Recently, we released task routers, which provides a mechanism to route tasks to annotators.
To use this new mechanism, you can write your own Python function to allocate tasks to users but you can also use the familiar prodigy.json
configuration file to set the annotations_per_task
variable. If you were to configure annotations_per_task: 3
then you would assign each example to 3 consistently random annotators from you annotation pool.
We recently made a video that explains some of the implementation details on how to get this right. In particular, it helps explain why in general we recommend setting the PRODIGY_ALLOWED_SESSIONS
environment variable.
However, you're also able to configure annotations_per_task: 1.5
which would cause a single annotation 50% of the time and two annotators the other 50% of the time. I received some questions about how this worked internally, so I figured I'd write up a longer post on the topic.
Implementation
For the following segment, it might help to first watch the aforementioned Youtube video or the task router documentation.
To start discussing the implementation, let's first consider when annotations_per_task
is an integer. Like annotations_per_task: 2
or annotations_per_task: 3
. What follows is an elaborate implementation.
from prodigy.core import Controller
def custom_task_router(ctrl: Controller, session_id: str, item: Dict) -> List[str]:
# Let's assume we want to make sure that we have 2 annotators.
average = 2
# Then next, we are going to check how many annotations are already annotated.
# We might already have some annotations for a particular hash, so we'll try and
# account for that.
# First, we'll need to figure out if the user wants to use a task hash or an input hash.
hash_attr = TASK_HASH_ATTR if ctrl.exclude_by == "task" else INPUT_HASH_ATTR
item_hash = (
get_task_hash(item) if ctrl.exclude_by == "task" else get_input_hash(item)
)
# Once we know the hash, we can check the database.
hash_count = ctrl.db.get_hash_count(ctrl.dataset, session_id, hash=item_hash, kind=ctrl.exclude_by)
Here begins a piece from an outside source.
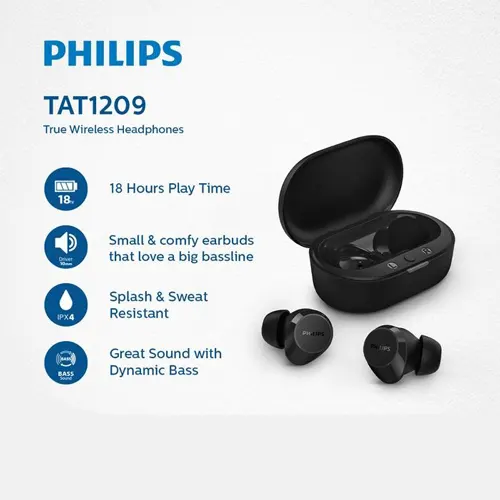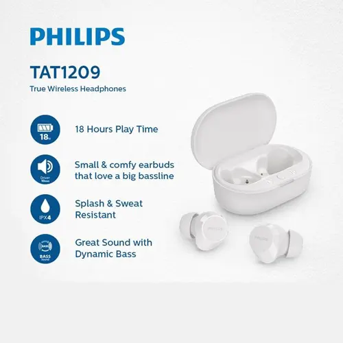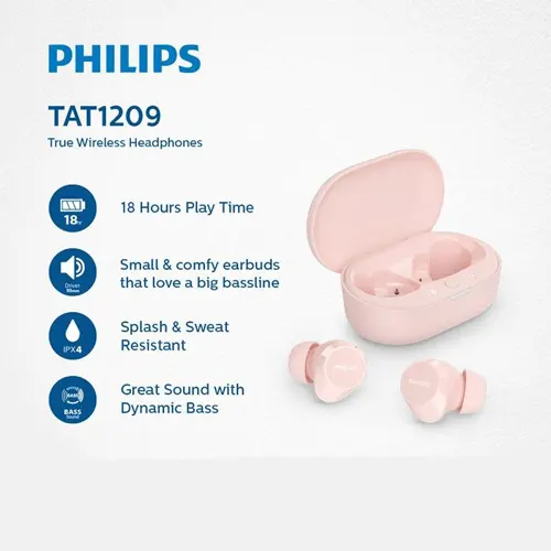 Philips TAT1209 adalah earbud true-wireless kecil yang nyaman dan sangat praktis untuk penggunaan harian. Meskipun memiliki ukuran compact, earbud ini menawarkan suara hangat, natural, serta bass dinamis yang bisa diaktifkan melalui sentuhan (tap) di bagian earbud. Ditambah lagi, casing pengisi daya berukuran saku sangat mudah dibawa ke mana-mana. Memiliki varian warna Hitam (PHILIPSTAT1209BK), Merah Muda (PHILIPSTAT1209PK), Putih (PHILIPSTAT1209WT).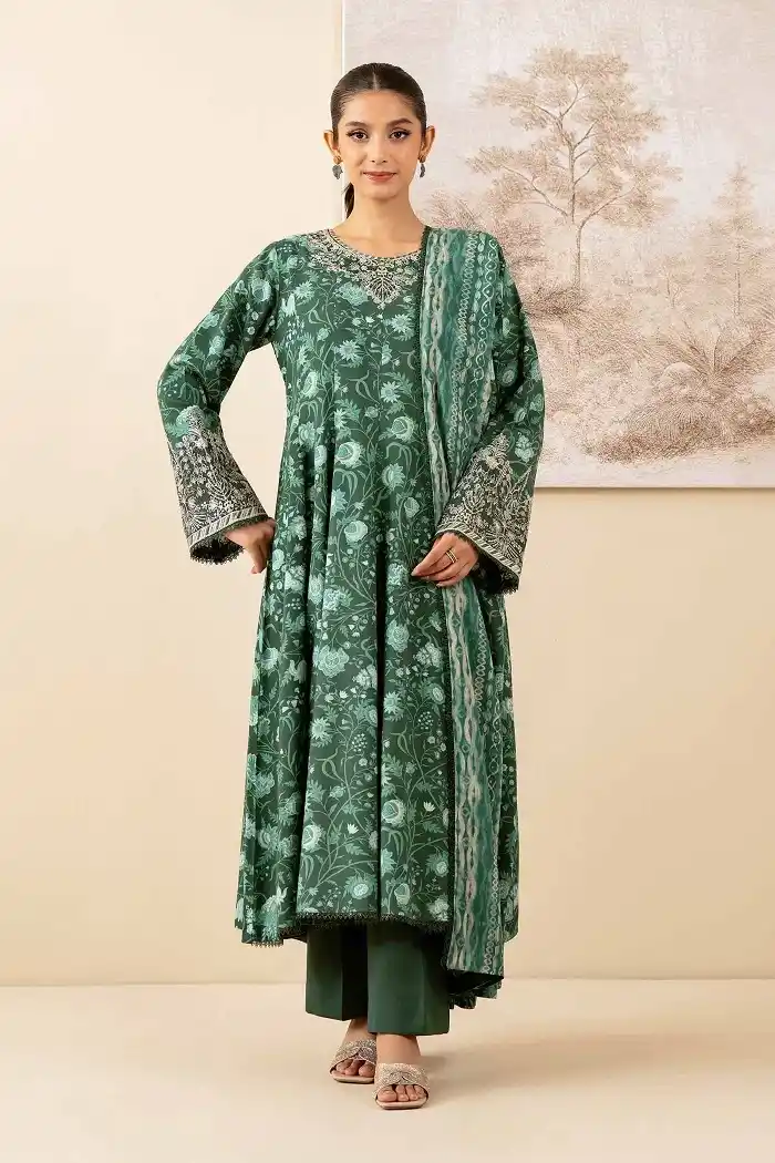 Dark teal green 3 piece khaddar digital printed suit Rs:6,490 Rs:3,568.

# Make sure the hash count does not exceed the average we're interested in.
if hash_count >= average:
return []
# If there is already an annotation in the db, we should keep that in mind
average = average - hash_count
# Let's now consider all the known sessions, and start building up our `annot` pool
pool = ctrl.session_ids
h = item_hash
annot = []
# Keep adding whole annotators
while len(annot) < int(average // 1):
if len(pool) == 0:
return annot
idx = h % len(pool)
annot.append(pool.pop(idx))
# Return the list of annotators
return annot
This task router does a fair bit of preparation work, but eventually it gets to the main allocation part which is this while
-loop:
pool = ctrl.session_ids
h = item_hash
annot = []
while len(annot) < int(average // 1):
if len(pool) == 0:
return annot
idx = h % len(pool)
annot.append(pool.pop(idx))
The while loop makes use of a hashing trick to consistently allocate annotators to the annot
selection pool. Because the available pool shrinks, we're able to keep using the modulo %
operator to make selections.
This works pretty well for annotations_per_task
settings where our average
variable is an integer, but what about floats?
An extra bit
To account for floating point settings, like average=1.5
we can just make an addition to our loop.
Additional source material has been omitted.